How to use robots.txt properly?
QThere is no access to the platform root directory in all built-in platforms, so how can I manage robots.txt per site in the multisite setup used in Aegir?
AThe standard robots.txt file can’t be used effectively in the multisite environment, because it would be shared between all sites on the same platform. BOA system will delete this file if it exists and enable the built-in RobotsTxt module instead.
!Note that BOA system not only enables the RobotsTxt module automatically every morning (server time zone). It also creates the static file /sites /foo.com /files /robots.txt
for every site hosted, and since any further modifications in the module configuration will not update the static file directly, you should delete it to make the new settings active, and BOA system will then create it again, next morning, using updated module configuration. Furthermore, BOA will delete this file and re-create if it’s older than 7 days, so you always need to update it via module and never directly, or your changes will be overwritten when the file is regenerated via module.

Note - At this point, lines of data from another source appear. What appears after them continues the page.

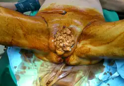 | Man, aged 63, with a massive cauliflower-like penile mass with several urinary fistulae making the penile shaft indistinguishable. | |
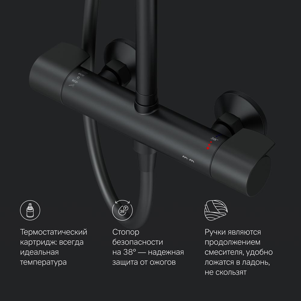 Благодаря специально спроектированной эргономичной ручке вы можете управлять душевой системой даже с мыльными руками. Термостатический картридж с высокочувствительным термоэлементом и быстрой реакцией на изменения температуры или давления надежно защищает от ожога даже при внезапном отключении холодной воды.
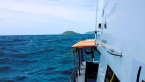 As the boat heads back to La Digue, I stand on the upper deck. I work on my balance as the boat slams over some choppy waves.
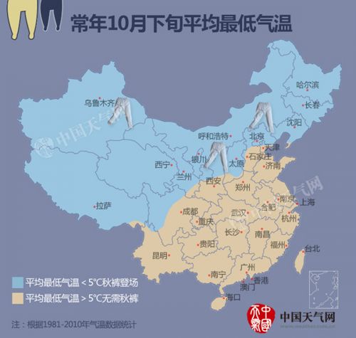 秋裤君每年秋冬季节出来刷存在感,也刷出一定的节奏感了。根据1981-2010年的气候统计,一般到了10月下旬,我国北方大部地区包括西北大部、东北地区以及华北地区,平均最低气温都低于5℃,这个时节最低气温基本稳定在5℃以下,秋裤党开始大范围登场。
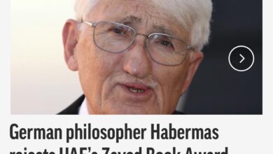 ذكرت وكالة ” أسوشيتد برس” ان الفيلسوف وعالم الاجتماع الألماني البارز يورغن هابرماس اعلن تراجعه عن قرار تسلم جائزة الشيخ زايد للكتاب، بسبب “النظام السياسي القائم هناك” في أبو ظبي.وقال الفلسفي المخضرم البالغ من العمر 91 عاما في بيان سلمه ناشره إلى موقع Spiegel Online اليوم الأحد: “سبق أن أعربت…
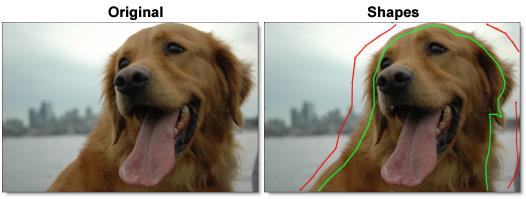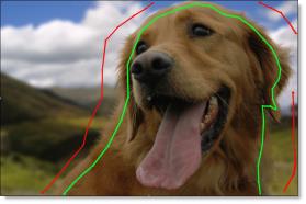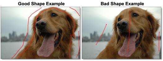 A good Open Shape technique is to draw an inner and outer outline around the object you are extracting using open shapes. Shapes should be near the boundary of the foreground or background, but not right up against the edge. Also, if the foreground or background has varying colors, the shapes should cross over these colors.
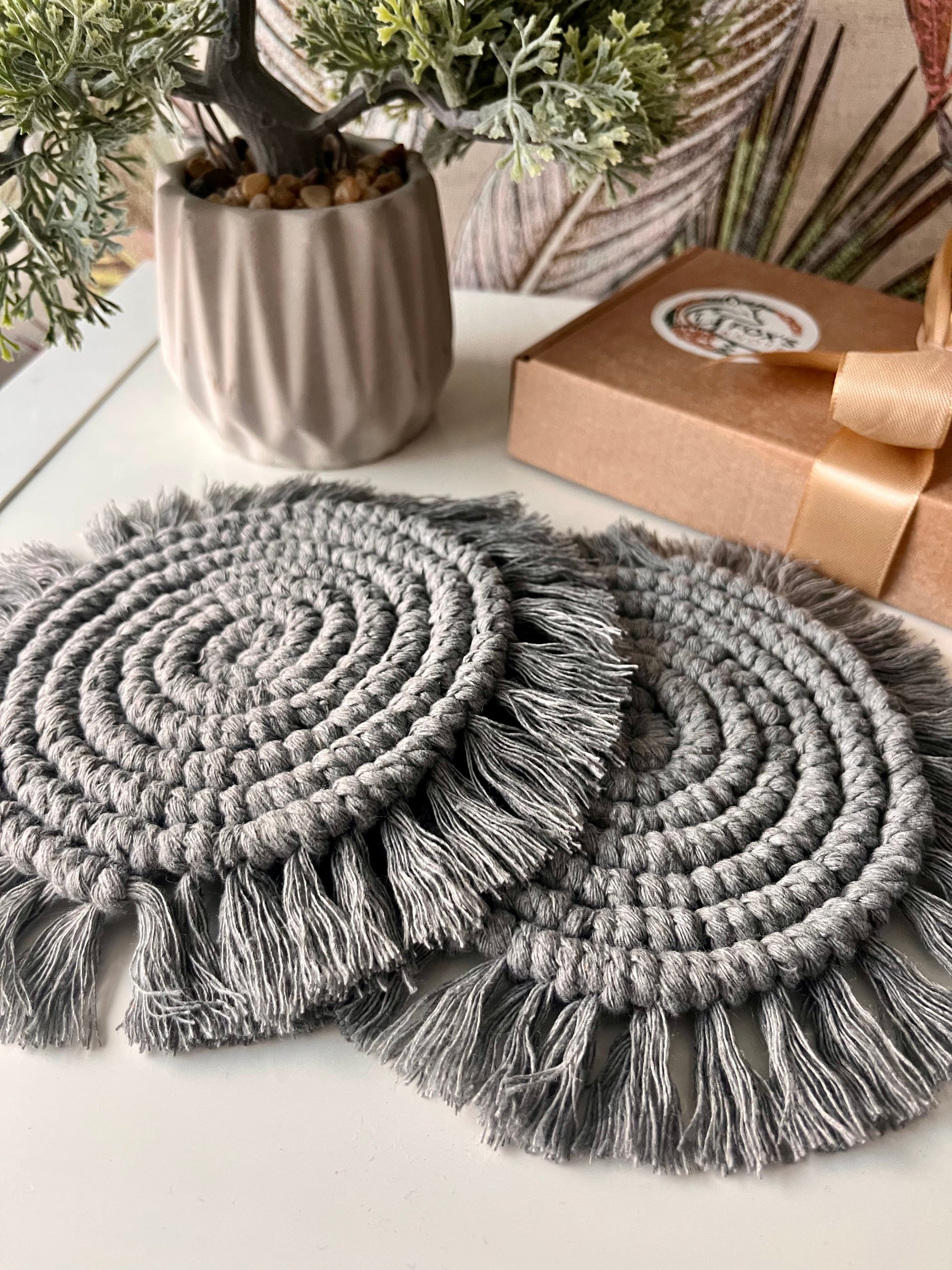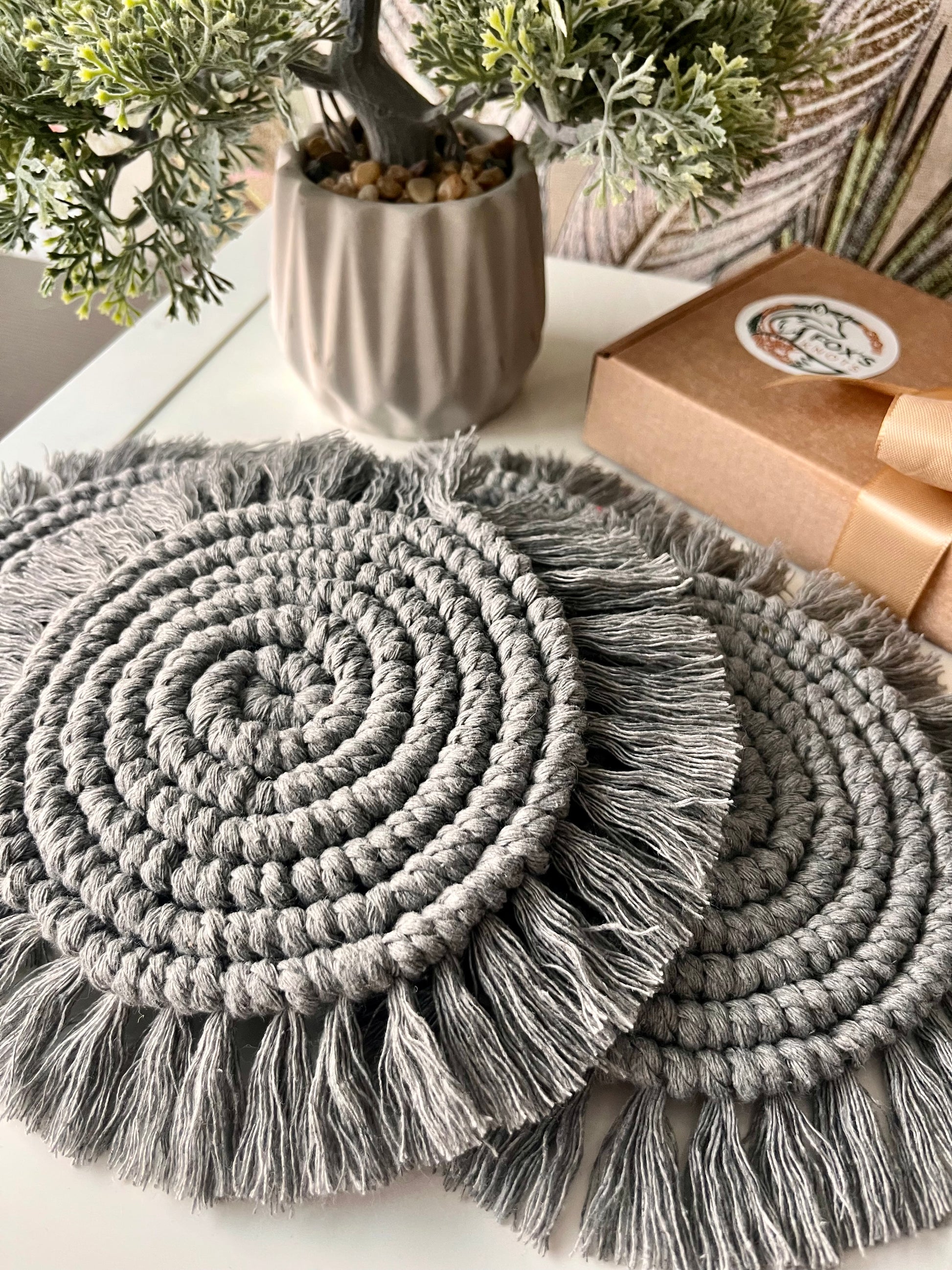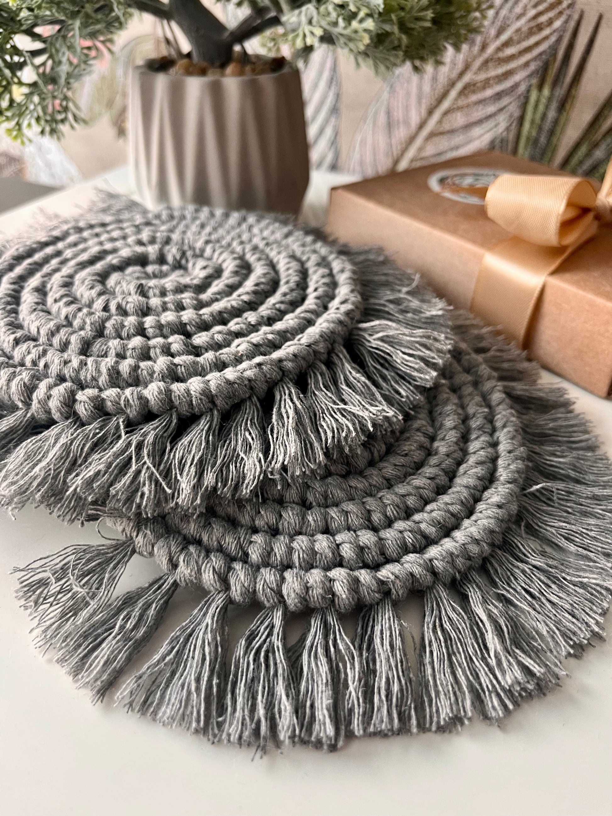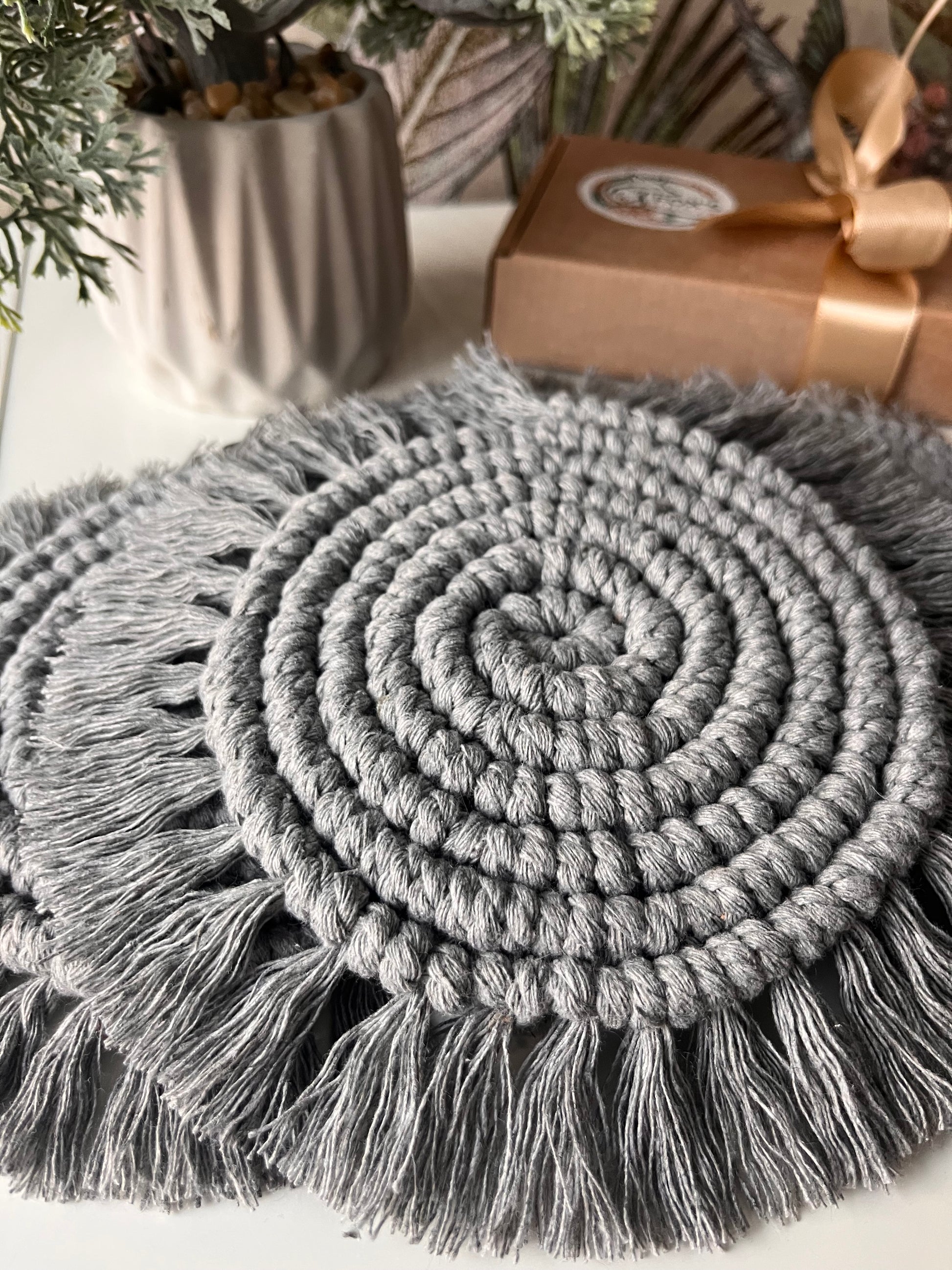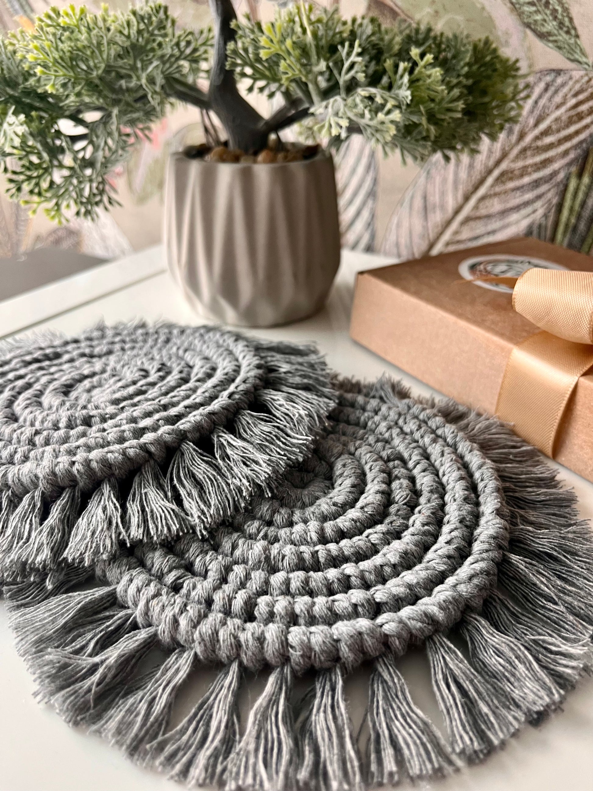 Rankų darbo makramė padėkliukai – ryškus ir jaukus akcentas jūsų namams.

»You can even use separate, extra (never maintained via RobotsTxt and never deleted nor regenerated, though) robots.txt files per every site alias, which may be useful for sites using Domain Access to manage virtual sub-sites. BOA system will automatically map /robots.txt
requests to /sites /foo.com /files /foo.com.robots.txt
if exists, and fallback to default file it generates for you in /sites /foo.com /files /robots.txt
otherwise.